» **EXERCISE PROMPT**:
Take the entries below and print only the lines from the one with "One of a kind" through the one with "Air Max 2090", exactly as they stand, both ends included.

» **DATA FOR PROCESSING**:

§ §

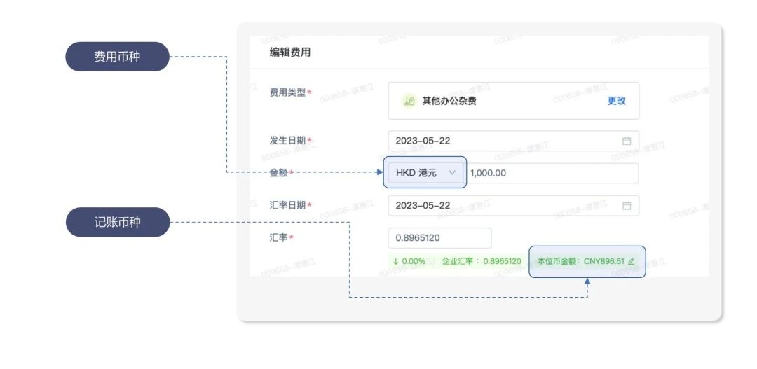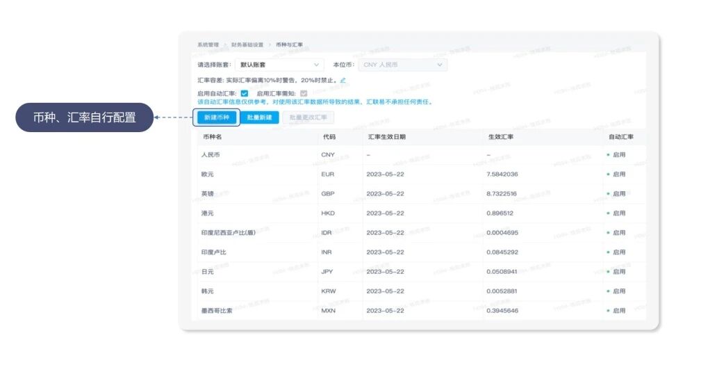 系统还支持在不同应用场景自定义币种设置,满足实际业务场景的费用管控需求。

§ §

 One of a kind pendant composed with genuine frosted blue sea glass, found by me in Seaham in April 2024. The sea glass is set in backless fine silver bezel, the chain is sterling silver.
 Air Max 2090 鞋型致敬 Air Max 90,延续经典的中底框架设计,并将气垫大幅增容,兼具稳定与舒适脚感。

§ §

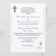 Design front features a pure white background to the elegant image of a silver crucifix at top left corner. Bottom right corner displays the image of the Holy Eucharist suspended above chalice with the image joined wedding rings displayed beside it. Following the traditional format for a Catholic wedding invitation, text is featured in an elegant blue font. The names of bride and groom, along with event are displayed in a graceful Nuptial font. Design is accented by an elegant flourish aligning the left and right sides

§ §

» **RESPONSE TO THE EXERCISE**:
 One of a kind pendant composed with genuine frosted blue sea glass, found by me in Seaham in April 2024. The sea glass is set in backless fine silver bezel, the chain is sterling silver.
 Air Max 2090 鞋型致敬 Air Max 90,延续经典的中底框架设计,并将气垫大幅增容,兼具稳定与舒适脚感。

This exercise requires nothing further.